An exact transcription of all the data is required; the pictures are to be left out.

:: GIVEN MATERIAL ::

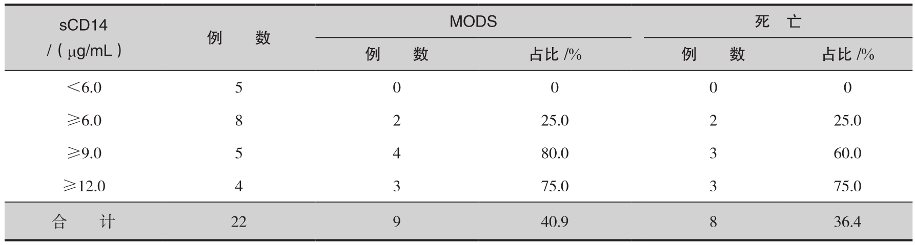 另一组资料观察到,生理及病理情况下血清中均存在一定水平的sCD14。大面积烧伤早期sCD14含量改变不明显,伤后第7天则明显升高,且一直持续至伤后第3周。进一步分析可见,烧伤后第7天、14天和21天MODS组sCD14水平显著高于非MODS组(表6-4),且sCD14升高程度与MODS发生呈平行关系,当其均值超过9.00µg/mL时,9例患者中有7例发生了MODS。这一观察结果提示,sCD14水平与严重烧伤后MODS的发生、发展密切相关,动态监测其改变对MODS的发病过程具有一定的预警意义。值得注意的是,sCD14含量不仅与MODS的发生有关,而且与患者的预后密切相关。该组资料中,随着sCD14均值的不断上升,患者病死率亦逐渐增高。sCD14含量持续于较高水平(≥9.0µg/mL)常为预后不良之兆(表6-5)。由此可见,动态检测sCD14的变化是判断严重烧伤后病情转归较为客观的指标。
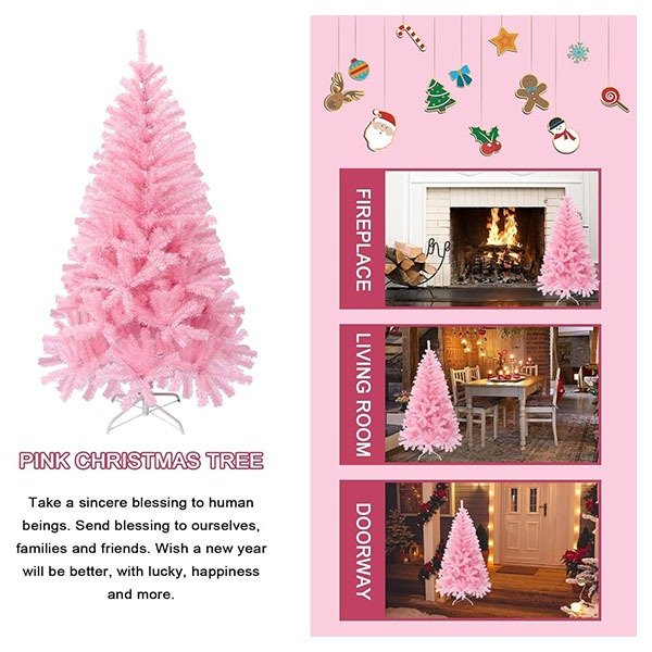 - UNIQUE PINK CHRISTMAS TREE:Guaranteed to be an immediate eye-catcher in any settings, made with apink design that putsa fun spinon the traditional tree design
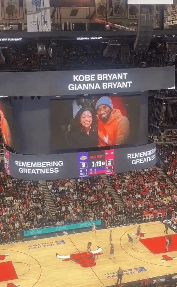 聯(lián)盟在六年后的今天安排了湖人與公牛的比賽,主場(chǎng)的大屏展示科比與GG的照片依然那么慈祥。
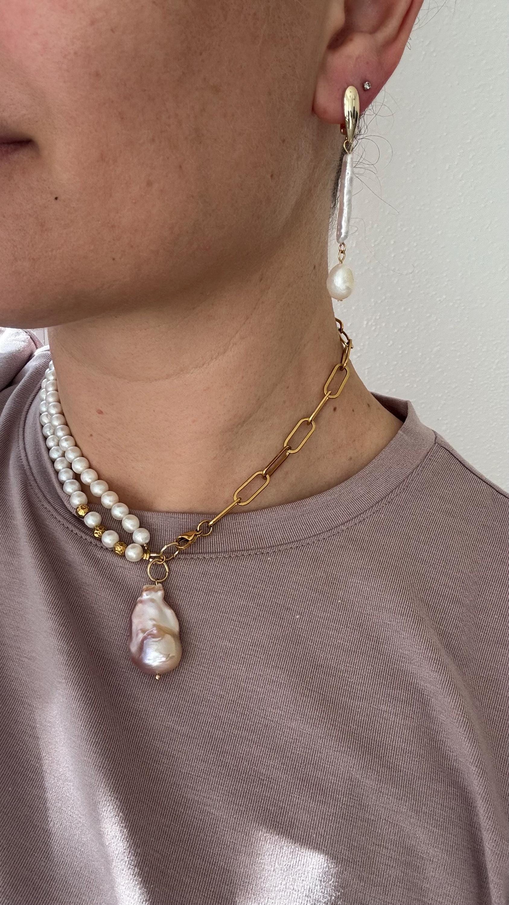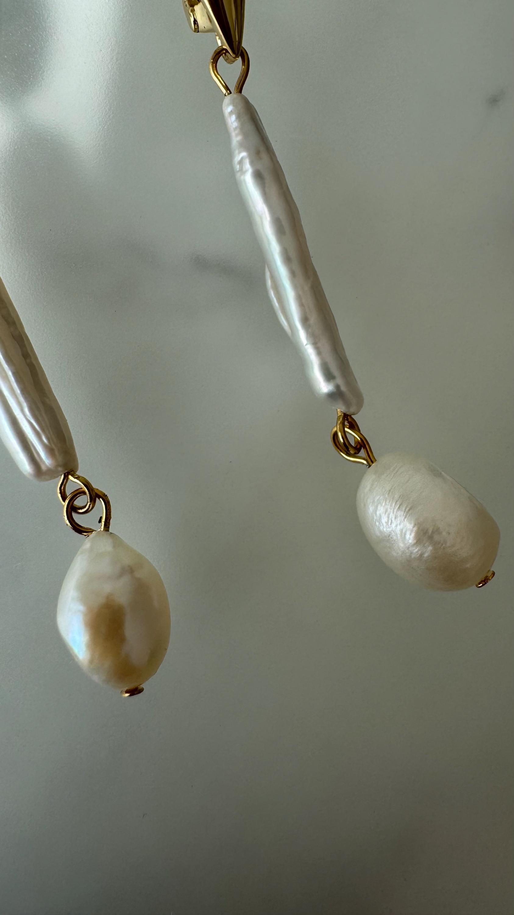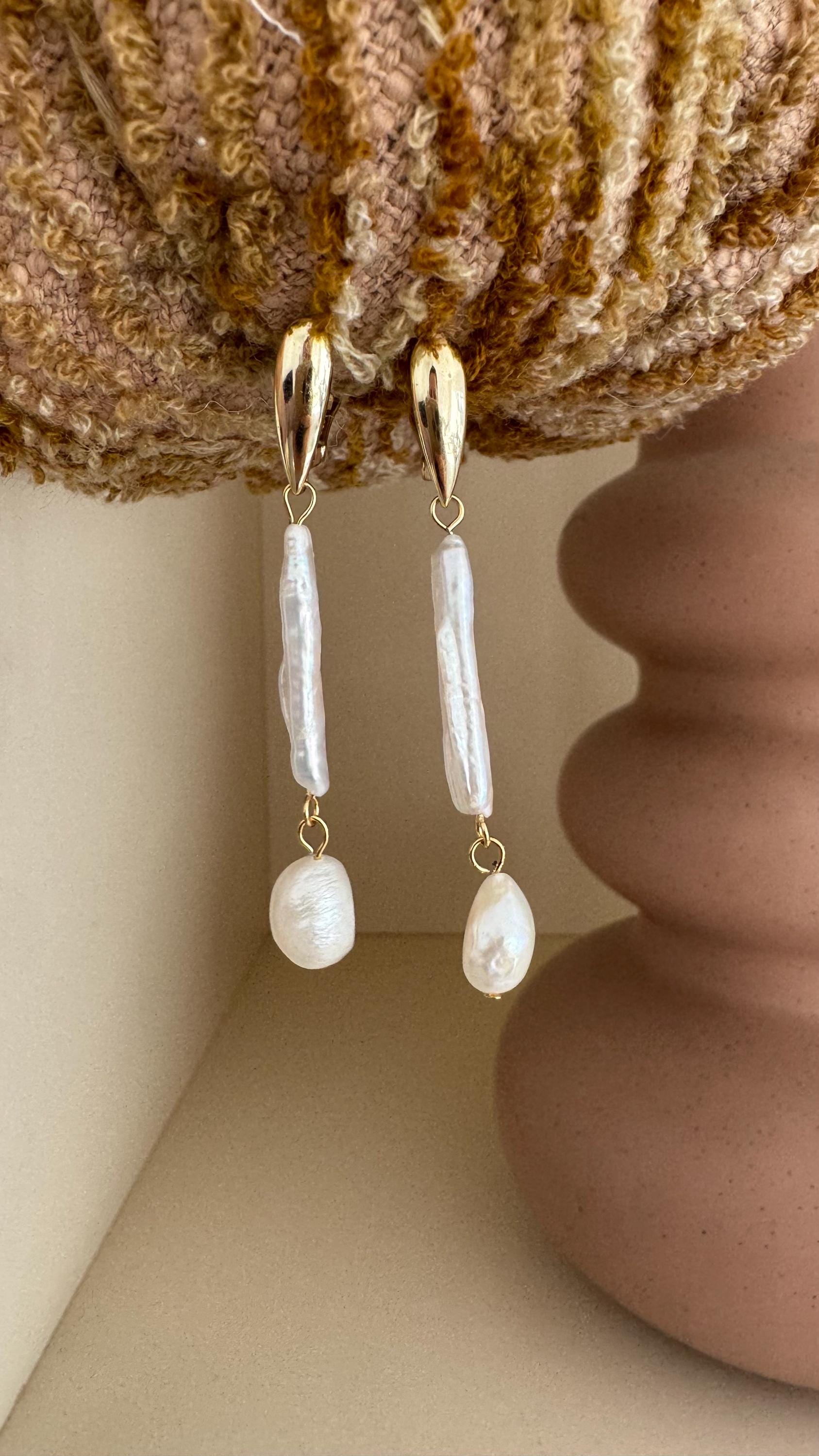 Einzigartige Unikate die aus der Natur entstehen. Echte Süsswasserperlen verzieren die Ohrringe, jede Perle ist anders und gleicht nicht der anderen, wie unser Fingerabdruck. Der Ohrstecker ist 18 Karat vergoldetes 925 echtes Silber. Die Ohrringe sind wasserfest und nickelfrei, allerdings dürfen die Perlen nicht dem Chlor und Salzwasser ausgesetzt werden, sonst verlieren sie ihren Glanz. Die Länge der Ohrringe beträgt 6 cm.

:::

### SOLUTION
 另一组资料观察到,生理及病理情况下血清中均存在一定水平的sCD14。大面积烧伤早期sCD14含量改变不明显,伤后第7天则明显升高,且一直持续至伤后第3周。进一步分析可见,烧伤后第7天、14天和21天MODS组sCD14水平显著高于非MODS组(表6-4),且sCD14升高程度与MODS发生呈平行关系,当其均值超过9.00µg/mL时,9例患者中有7例发生了MODS。这一观察结果提示,sCD14水平与严重烧伤后MODS的发生、发展密切相关,动态监测其改变对MODS的发病过程具有一定的预警意义。值得注意的是,sCD14含量不仅与MODS的发生有关,而且与患者的预后密切相关。该组资料中,随着sCD14均值的不断上升,患者病死率亦逐渐增高。sCD14含量持续于较高水平(≥9.0µg/mL)常为预后不良之兆(表6-5)。由此可见,动态检测sCD14的变化是判断严重烧伤后病情转归较为客观的指标。
 - UNIQUE PINK CHRISTMAS TREE:Guaranteed to be an immediate eye-catcher in any settings, made with apink design that putsa fun spinon the traditional tree design
 聯(lián)盟在六年后的今天安排了湖人與公牛的比賽,主場(chǎng)的大屏展示科比與GG的照片依然那么慈祥。
 Einzigartige Unikate die aus der Natur entstehen. Echte Süsswasserperlen verzieren die Ohrringe, jede Perle ist anders und gleicht nicht der anderen, wie unser Fingerabdruck. Der Ohrstecker ist 18 Karat vergoldetes 925 echtes Silber. Die Ohrringe sind wasserfest und nickelfrei, allerdings dürfen die Perlen nicht dem Chlor und Salzwasser ausgesetzt werden, sonst verlieren sie ihren Glanz. Die Länge der Ohrringe beträgt 6 cm.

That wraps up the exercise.